Step 6: Resume Operations

def resume_operations():
    """Resume normal operations"""
    
    # Restore write permissions
    grant_write_permissions('orders')
    
    # Resume downstream pipelines
    resume_dependent_dags()
    
    # Monitor closely for 24 hours
    enable_enhanced_monitoring('orders', duration_hours=24)

6. Data Recovery Strategies

Point-in-Time Recovery (PITR)

-- PostgreSQL: Restore to specific timestamp
SELECT pg_restore_point('before_corruption');

-- Restore database to point before corruption
pg_basebackup --pgdata=/var/lib/postgresql/restore \
  --target-time='2024-01-15 09:55:00'

Replay from Source

def replay_from_kafka(topic: str, start_offset: int, end_offset: int):
    """Replay events from Kafka to rebuild state"""
    
    consumer = KafkaConsumer(
        topic,
        bootstrap_servers=['localhost:9092'],
        auto_offset_reset='earliest'
    )
    
    # Seek to start offset
    partition = TopicPartition(topic, 0)
    consumer.assign([partition])
    consumer.seek(partition, start_offset)
    
    for message in consumer:
        if message.offset > end_offset:
            break
        
        # Reprocess event
        process_event(message.value)

Manual Correction

-- Identify and fix corrupt records
UPDATE orders
SET price = price / 100  -- Undo the bug that multiplied by 100
WHERE created_at BETWEEN '2024-01-15 10:00:00' AND '2024-01-15 12:00:00'
  AND price > 1000000;  -- Only fix obviously wrong prices

Reprocessing Pipelines

# Airflow: Backfill specific date range
airflow dags backfill \
  --start-date 2024-01-15 \
  --end-date 2024-01-16 \
  --reset-dagruns \
  daily_etl_dag

7. Communication During Data Incidents

Internal Communication Template

🚨 **DATA INCIDENT** - P1

**Affected Data**: orders table
**Impact**: Revenue dashboard showing incorrect numbers
**Started**: 2024-01-15 10:13 UTC
**Status**: Investigating

**What we know**:
- ETL bug multiplied all prices by 100
- Affects orders from 10:00-12:00 UTC (2 hours)
- ~5,000 orders impacted

**What we're doing**:
- Stopped downstream pipelines
- Restoring from backup
- Fixing ETL bug

**Next update**: 30 minutes

**Incident Commander**: @alice
**War Room**: #incident-data-001

Stakeholder Notification

def notify_stakeholders(incident):
    """Notify affected teams"""
    
    affected_teams = identify_affected_teams(incident['table'])
    
    for team in affected_teams:
        send_notification(
            channel=team['slack_channel'],
            message=f"""
            ⚠️ Data incident affecting {incident['table']}
            
            Impact: {incident['impact']}
            ETA for resolution: {incident['eta']}
            
            Please avoid using this data until resolved.
            Updates in #incident-{incident['id']}
            """
        )

8. Common Data Incident Scenarios

Scenario 1: Accidental DELETE

-- Incident: Developer ran DELETE without WHERE clause
DELETE FROM users;  -- ❌ Deleted all users!

-- Response:
-- 1. Immediately stop application writes
-- 2. Restore from most recent backup
-- 3. Replay transactions from WAL (Write-Ahead Log)
-- 4. Implement safeguards (require WHERE clause, read-only by default)

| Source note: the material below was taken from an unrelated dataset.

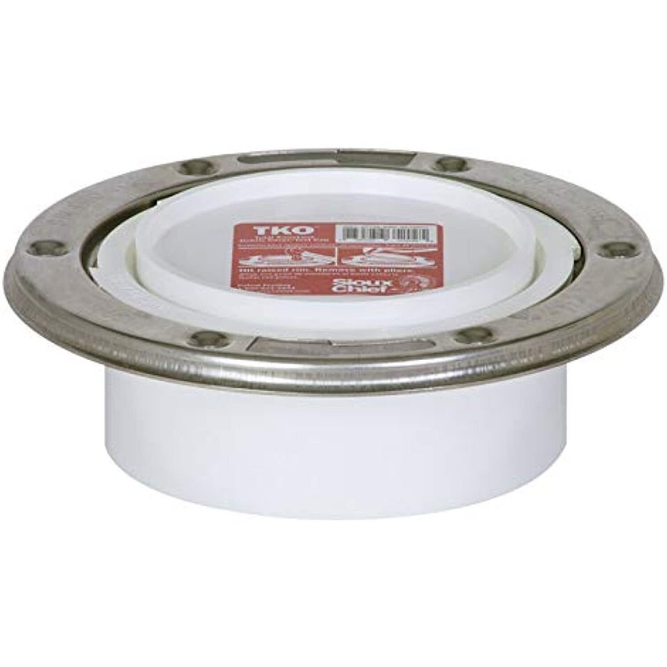 Sioux Chief 886 series TKO closet flanges shall be used where necessary in drainage systems. Flange shall have a full-swivel, corrosion-proof stainless steel ring, with sufficient holes for securing to floor and slots for inserting closet bolts. Flange shall have a knockout, sized larger than the opening, which comes out in one piece preventing it from falling down the drain line. Flange shall have a 3" Sch. 40 spigot connection which conforms to ASTM D2665 (PVC) or D2661 (ABS). Flange shall hold a standard head test and be UPC listed. Always fasten closet flanges to the floor. Features: Patent #5,377,361 Proven performance, improved design Knockout will not break apart and cannot fall down drain pipe Corrosion-resistant 430 stainless steel swivel ring is engineered for maximum strength Holds five floors (22 PSI) for head test Note: Image may not be actual representation of item.

Scenario 2: Bad Data from Upstream

# Incident: Upstream API started sending null customer_ids

# Detection
if df['customer_id'].isna().sum() > len(df) * 0.01:  # > 1% nulls
    raise DataQualityError("Too many null customer_ids")

# Response
# 1. Reject the batch
# 2. Alert upstream team
# 3. Use previous day's data as fallback
# 4. Implement validation before ingestion

Scenario 3: Pipeline Bug Corrupting Data

# Incident: ETL bug converted all timestamps to UTC incorrectly

# Detection
anomaly_count = db.execute("""
    SELECT COUNT(*) FROM events
    WHERE event_time > NOW()  -- Future timestamps = bug
""").fetchone()[0]

# Response
# 1. Identify affected date range
# 2. Pause pipeline
# 3. Fix transformation logic
# 4. Reprocess affected dates
# 5. Add validation for timestamp sanity

Scenario 4: Schema Change Breaking Pipeline

# Incident: Upstream renamed 'user_id' to 'customer_id'

# Detection
try:
    df = spark.read.parquet("s3://data/users/")
    df.select("user_id")  # KeyError
except KeyError:
    trigger_incident("Schema drift detected")

# Response
# 1. Update pipeline to handle both column names
# 2. Coordinate with upstream for future changes
# 3. Implement schema validation before processing

9. Prevention Strategies

Immutable Data Lakes

# Never modify data in place; always append new versions
# S3 versioning enabled
s3.put_bucket_versioning(
    Bucket='data-lake',
    VersioningConfiguration={'Status': 'Enabled'}
)

# Write new partition instead of overwriting
df.write.partitionBy('date').mode('append').parquet('s3://data-lake/orders/')

Strong Data Validation

# Validate before loading
@validate_schema(expected_schema)
@validate_quality(min_quality_score=95)
def load_to_warehouse(df):
    df.write.jdbc(url, table, mode='append')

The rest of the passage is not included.